Mesenchymal Stem Cells: A Promising Path for Spinal Cord Injury Treatment
SCI is a complex condition with devastating consequences for those affected. Current treatments aim to stabilize the injury and create conditions for natural healing but fall short of promoting nerve regeneration. MSCs offer a new avenue for SCI treatment by reducing inflammation, supporting nerve cell regeneration, and improving blood flow to the injured area. While challenges remain, the authors conclude that the advancements in MSC research suggest a bright future for their use in SCI therapy.

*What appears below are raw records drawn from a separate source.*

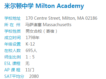 该校创立于1798年,是与两个菲利普中学齐名的顶级中学,位于波士顿城南有8分钟的车程Milton市。学校占地125英亩,环境优美,设施齐全。学生来自美国各地以及世界许多国家。学校开设的年级从幼儿园到12年级都有。教学主要以:科学、艺术、体育为主,是否有AP课程:有,平均SAT:1370,学生人数:1000,学校拥有雄厚的师资团队,教师中有78%持有高级职称。学校尽力创造一个学术自由的环境,避免统一化模式,鼓励创造性、公开性的思想交流。
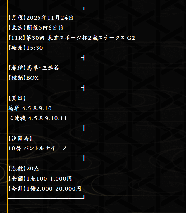 麒麟の無料情報やりますね、馬単&3連複無料予想 第30回東京スポーツ杯2歳ステークスの買い目で10万3千円の的中もらえました。 年末まで鬼のリピート確定です。
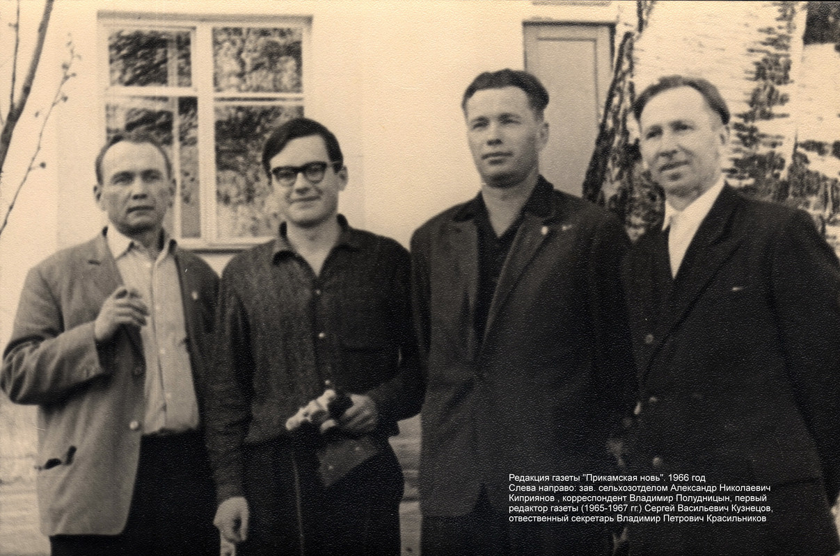 В Кирсе 58 лет назад начался мой журналистский путь. Литературный сотрудник. Так называлась самая начальная творческая должность в редакции с самым маленьким денежным окладом только что созданной районной газеты «Прикамская новь». Был ещё авторский гонорар. Но его надо было заработать собственными публикациями. А как его заработаешь, если и опыта нет, и писать-то как следует не умеешь. И к тому, и к другому дружески направляли новые старшие товарищи. Мне повезло. Большинство из них были профессионалами. Сергей Васильевич Кузнецов, Николай Иванович Плехов, Владимир Петрович Красильников, Александр Николаевич Киприянов наставляли, критиковали, хвалили, препарировали мои опусы, учили на своих примерах.
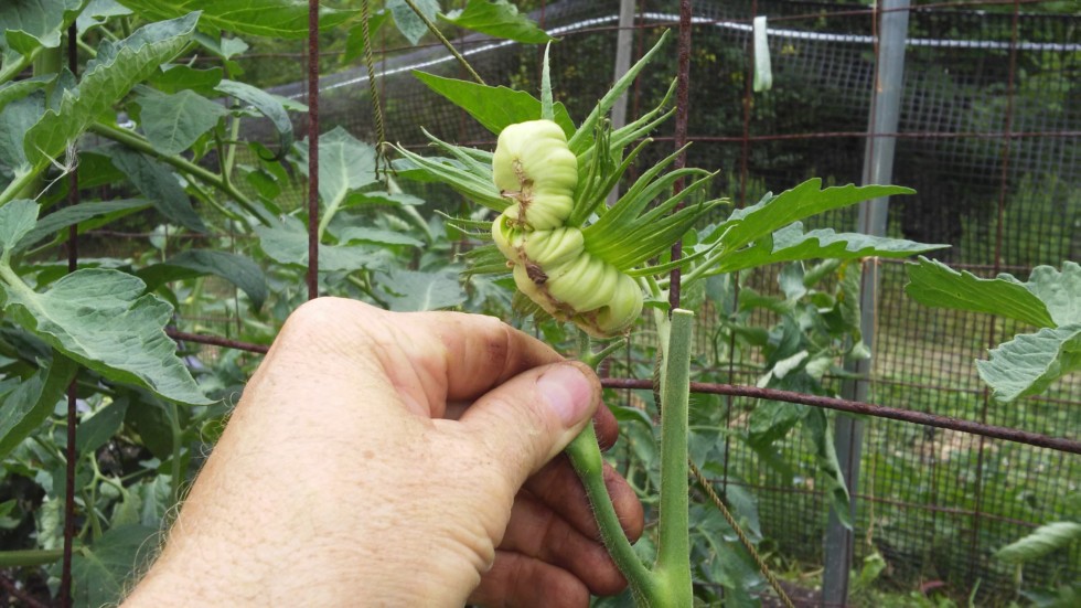Here is the replacement tomato for the one i just picked. All 3 of my megamutts gave only double flowers on their first set. That was disappointing. But maybe this will make up for it.
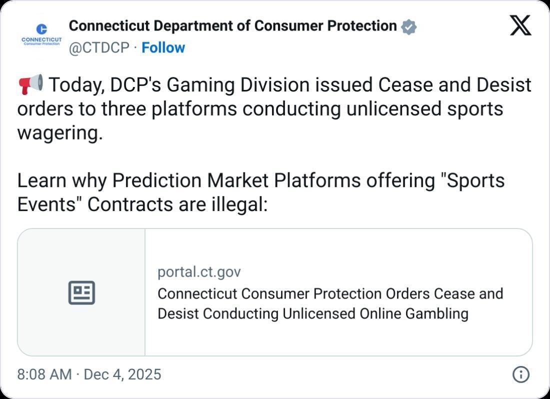 In its statement, Connecticut’s DCP said that prediction market platforms pose serious risks to consumers because they lack the required technical standards and security protections for financial and personal data.
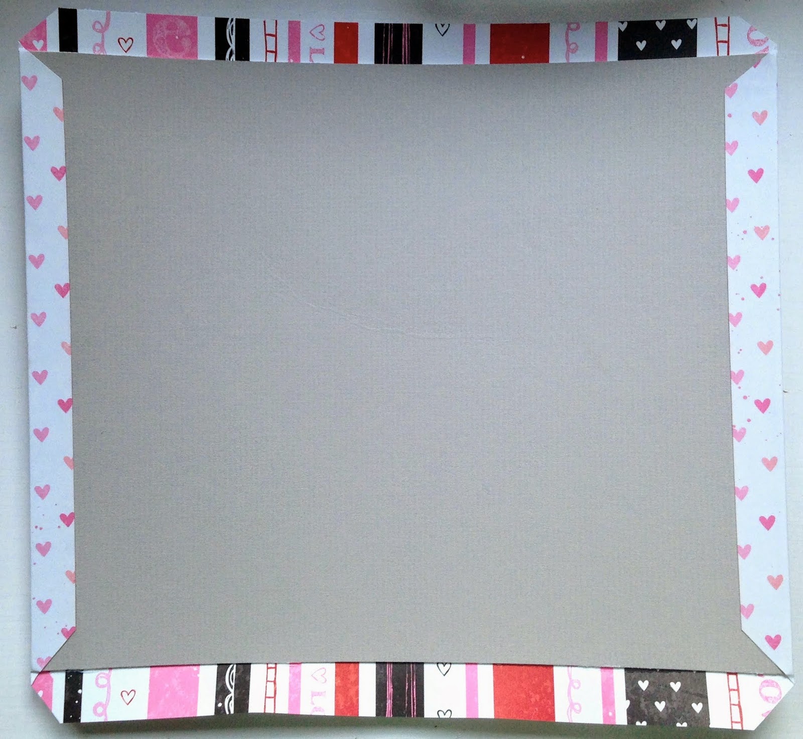 Als erstes braucht ihr Graukarton (ich hatte hier gerade die Grösse 25x22cm vorrätig) und klebt diesen auf euer Motivpapier, die Ecken schneidet ihr schräg ab, lasst aber etwas Überstand.
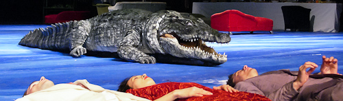 Mehrere lebensgroße Krokodile mischen sich unter die illustre Gesellschaft und

With continued investigation, MSCs has the potential to become a cornerstone of regenerative medicine for SCI patients.
Source: Xia Y, Zhu J, Yang R, Wang H, Li Y, Fu C. Mesenchymal stem cells in the treatment of spinal cord injury: Mechanisms, current advances and future challenges. Front Immunol. 2023 Feb 24;14:1141601. doi: 10.3389/fimmu.2023.1141601. PMID: 36911700; PMCID: PMC9999104.